_SOURCE DATA:_
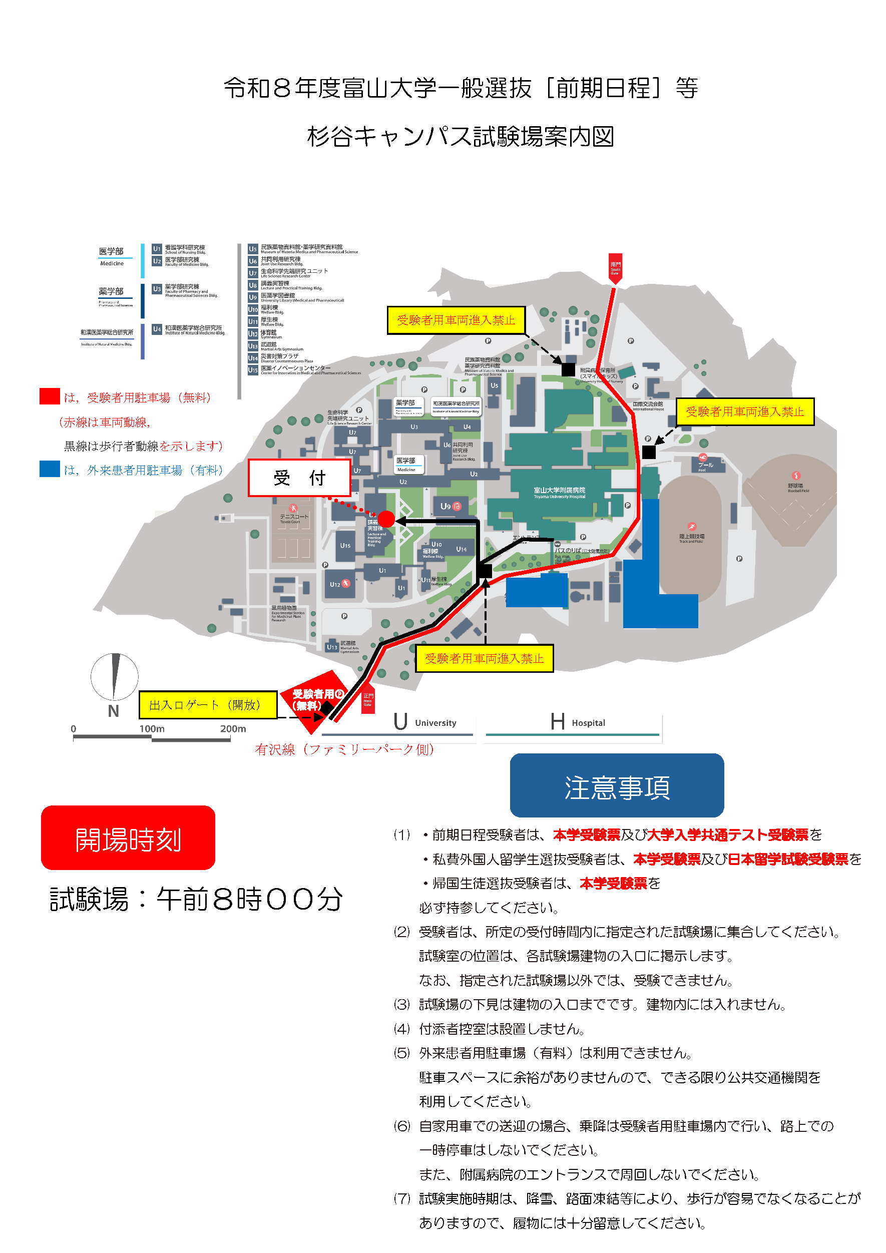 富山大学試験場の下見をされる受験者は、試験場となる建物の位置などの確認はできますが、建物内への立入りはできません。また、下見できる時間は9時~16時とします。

--

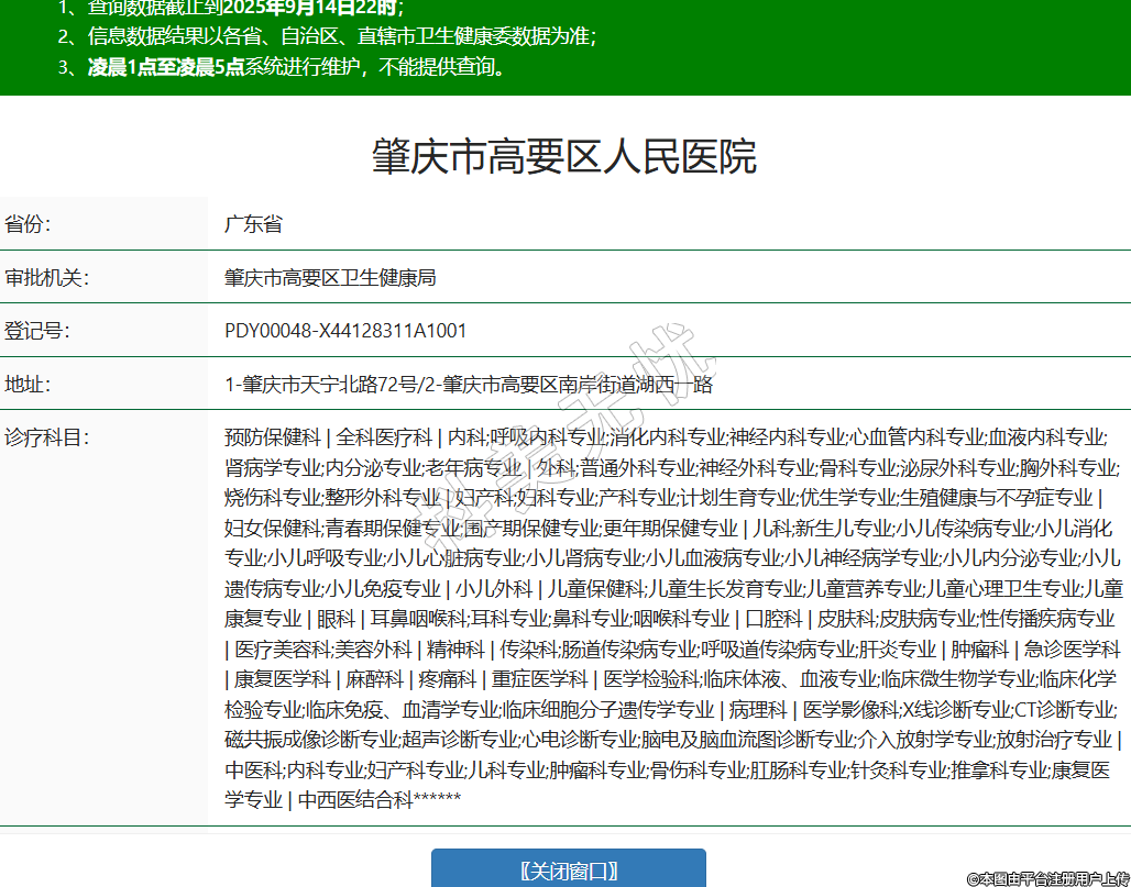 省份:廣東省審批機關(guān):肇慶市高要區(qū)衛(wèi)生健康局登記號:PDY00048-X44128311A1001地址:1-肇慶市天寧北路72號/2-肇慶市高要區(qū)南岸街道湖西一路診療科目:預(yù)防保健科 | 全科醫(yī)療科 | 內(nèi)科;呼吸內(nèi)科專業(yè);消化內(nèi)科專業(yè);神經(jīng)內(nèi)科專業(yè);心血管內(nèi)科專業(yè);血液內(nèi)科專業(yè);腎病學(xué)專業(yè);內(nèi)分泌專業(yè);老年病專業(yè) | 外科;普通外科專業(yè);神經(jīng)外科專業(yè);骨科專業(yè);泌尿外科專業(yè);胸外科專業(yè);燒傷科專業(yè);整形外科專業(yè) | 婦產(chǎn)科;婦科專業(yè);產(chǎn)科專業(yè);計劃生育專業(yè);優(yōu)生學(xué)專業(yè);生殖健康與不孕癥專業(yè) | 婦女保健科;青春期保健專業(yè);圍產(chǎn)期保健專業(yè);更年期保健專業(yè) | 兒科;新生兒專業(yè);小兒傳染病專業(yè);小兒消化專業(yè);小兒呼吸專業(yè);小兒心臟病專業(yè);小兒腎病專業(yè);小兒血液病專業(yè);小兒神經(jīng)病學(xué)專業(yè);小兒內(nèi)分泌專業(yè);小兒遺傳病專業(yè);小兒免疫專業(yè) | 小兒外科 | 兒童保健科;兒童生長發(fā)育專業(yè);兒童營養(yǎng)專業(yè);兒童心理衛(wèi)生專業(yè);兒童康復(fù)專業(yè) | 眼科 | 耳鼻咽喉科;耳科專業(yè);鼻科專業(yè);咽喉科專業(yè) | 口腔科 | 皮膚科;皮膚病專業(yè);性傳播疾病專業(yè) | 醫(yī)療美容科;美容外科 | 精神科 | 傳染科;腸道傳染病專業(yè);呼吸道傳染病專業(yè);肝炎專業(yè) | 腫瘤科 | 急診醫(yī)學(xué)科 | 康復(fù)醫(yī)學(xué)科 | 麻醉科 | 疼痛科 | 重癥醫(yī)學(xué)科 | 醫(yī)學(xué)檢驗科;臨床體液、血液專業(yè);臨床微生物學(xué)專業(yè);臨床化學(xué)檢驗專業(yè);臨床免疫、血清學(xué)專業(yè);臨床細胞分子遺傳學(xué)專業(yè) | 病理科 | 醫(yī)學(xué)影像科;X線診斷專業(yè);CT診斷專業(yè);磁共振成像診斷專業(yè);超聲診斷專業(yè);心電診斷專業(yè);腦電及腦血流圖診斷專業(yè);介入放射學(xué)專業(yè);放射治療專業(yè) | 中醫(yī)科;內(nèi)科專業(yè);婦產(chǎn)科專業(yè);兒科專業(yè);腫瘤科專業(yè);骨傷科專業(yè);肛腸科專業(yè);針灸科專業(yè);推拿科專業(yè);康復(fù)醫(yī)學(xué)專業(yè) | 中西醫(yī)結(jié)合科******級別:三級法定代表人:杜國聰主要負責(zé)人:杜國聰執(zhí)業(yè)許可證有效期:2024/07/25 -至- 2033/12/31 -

* * *

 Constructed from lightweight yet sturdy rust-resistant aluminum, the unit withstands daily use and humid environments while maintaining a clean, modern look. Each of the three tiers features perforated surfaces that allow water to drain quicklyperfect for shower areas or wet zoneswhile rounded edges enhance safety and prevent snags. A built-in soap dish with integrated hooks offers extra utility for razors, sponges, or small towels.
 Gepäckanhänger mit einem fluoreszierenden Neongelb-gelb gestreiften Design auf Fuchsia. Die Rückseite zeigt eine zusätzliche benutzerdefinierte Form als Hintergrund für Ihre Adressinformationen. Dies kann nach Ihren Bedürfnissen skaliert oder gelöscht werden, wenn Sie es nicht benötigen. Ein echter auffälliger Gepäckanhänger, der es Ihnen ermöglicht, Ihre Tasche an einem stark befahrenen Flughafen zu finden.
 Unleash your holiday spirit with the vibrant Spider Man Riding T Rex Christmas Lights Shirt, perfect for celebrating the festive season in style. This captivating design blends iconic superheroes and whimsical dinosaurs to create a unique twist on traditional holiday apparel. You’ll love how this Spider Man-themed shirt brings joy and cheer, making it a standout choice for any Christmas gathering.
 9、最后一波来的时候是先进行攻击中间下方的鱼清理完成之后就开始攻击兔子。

_DIRECTIONS:_ Send back an exact copy of only the lines from the line with "Gepäckanhänger mit einem" up to and including the line with "9、最后一波来的时候是先进行攻击中间下方的鱼清理完成之后就开始攻击兔子。" in the data above.

_TASK OUTPUT:_
 Gepäckanhänger mit einem fluoreszierenden Neongelb-gelb gestreiften Design auf Fuchsia. Die Rückseite zeigt eine zusätzliche benutzerdefinierte Form als Hintergrund für Ihre Adressinformationen. Dies kann nach Ihren Bedürfnissen skaliert oder gelöscht werden, wenn Sie es nicht benötigen. Ein echter auffälliger Gepäckanhänger, der es Ihnen ermöglicht, Ihre Tasche an einem stark befahrenen Flughafen zu finden.
 Unleash your holiday spirit with the vibrant Spider Man Riding T Rex Christmas Lights Shirt, perfect for celebrating the festive season in style. This captivating design blends iconic superheroes and whimsical dinosaurs to create a unique twist on traditional holiday apparel. You’ll love how this Spider Man-themed shirt brings joy and cheer, making it a standout choice for any Christmas gathering.
 9、最后一波来的时候是先进行攻击中间下方的鱼清理完成之后就开始攻击兔子。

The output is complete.